Core Differences from BSQ/CSQ

BSQ/CSQ MSQ
Trainable Parameters Independent variable per bit Original floating-point weights only
Parameter Count \(n\times\) original \(1\times\) original
Multi-bit Pruning 1 bit per step Hessian-guided multi-bit pruning

Key Experimental Results

Training Efficiency

Method Trainable Parameters Training Time
BSQ \(8\times\) original Baseline
MSQ \(1\times\) original \(-86\%\)

ResNet Accuracy–Compression Trade-off

Method Model Top-1 (%) Compression Ratio
BSQ ResNet-18 69.2 8.0×
CSQ ResNet-18 69.4 8.0×
MSQ ResNet-18 69.1 8.0×
  • Accuracy is on par with BSQ/CSQ while training cost is substantially reduced.

Scalability

  • First extension of bit-level quantization to ViT architectures (ViT-S/B).
  • Extended to heterogeneous CNNs such as MobileNetV3.

Ablation Study

  • RoundClamp vs. standard STE: RoundClamp provides more accurate gradient direction for the LSB.
  • Hessian-guided aggressive pruning: reduces training epochs by 30–40% under equivalent compression.
  • L1 regularization strength: too large leads to accuracy degradation; too small slows convergence.

Highlights & Insights

  • Eliminating bit-level parameter overhead is the core contribution: fundamentally resolves the critical limitation of BSQ (i.e., \(n\)-fold parameter inflation).
  • Elegant RoundClamp quantizer design: the LSB is constructed from the difference between Round and Clamp, which is mathematically natural and elegant.
  • Hessian-guided multi-bit pruning: accelerates training while leveraging per-layer sensitivity information.
  • Strong scalability: first validation of bit-level quantization on ViT and MobileNetV3.
  • Practical engineering value: the substantial improvement in training efficiency makes mixed-precision quantization genuinely viable in resource-constrained scenarios.

Limitations & Future Work

  • Accuracy is marginally lower than BSQ/CSQ (0.1–0.3%), indicating that fine-grained control via bit-level parameters retains some value.
  • L1 may not be the optimal sparsification objective; Group Lasso warrants exploration.
  • Hessian computation incurs overhead, albeit far smaller than the time saved.
  • Validation is limited to ImageNet classification; performance on detection and segmentation tasks remains unknown.
  • Only weight quantization is addressed; activation quantization is not considered.
  • vs. HAQ: Search-based with high computational cost and static analysis; MSQ dynamically discovers the precision assignment.
  • vs. BSQ: Pioneering bit-level approach but suffers from severe parameter inflation; MSQ preserves the advantages while eliminating the overhead.
  • vs. CSQ: Smooths BSQ but does not address the parameter inflation problem.

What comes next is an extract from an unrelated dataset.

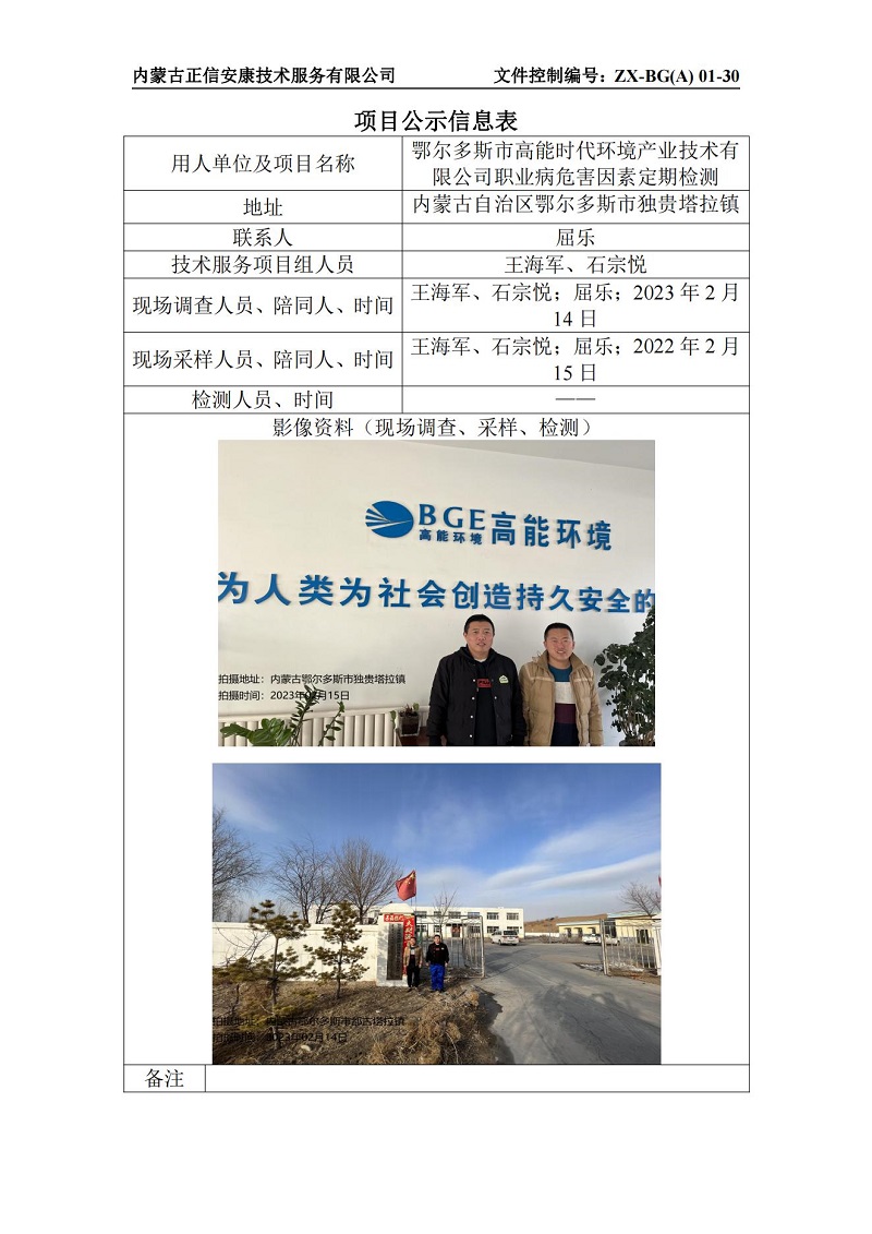 鄂爾多斯市高能時(shí)代環(huán)境產(chǎn)業(yè)技術(shù)有限公司職業(yè)病危害因素定期檢測項目公示

The insight that "each bit need not be trained independently" suggests that many problems seemingly requiring fine-grained parameters admit more efficient indirect solutions. The RoundClamp construction (difference between two quantization operations as a useful signal) offers inspiration for other quantization methods. The work has direct engineering value for on-device quantization-aware training.

Rating

  • Novelty: ⭐⭐⭐⭐ RoundClamp and LSB regularization are novel, though the overall approach is a natural extension of BSQ.
  • Experimental Thoroughness: ⭐⭐⭐⭐ Thorough efficiency comparisons and multi-architecture validation, but downstream task evaluation is absent.
  • Writing Quality: ⭐⭐⭐⭐ Comparison with BSQ/CSQ is clear; Figures 1 and 2 are informative.
  • Value: ⭐⭐⭐⭐⭐ An 8× parameter reduction and 86% training time reduction make bit-level quantization genuinely practical.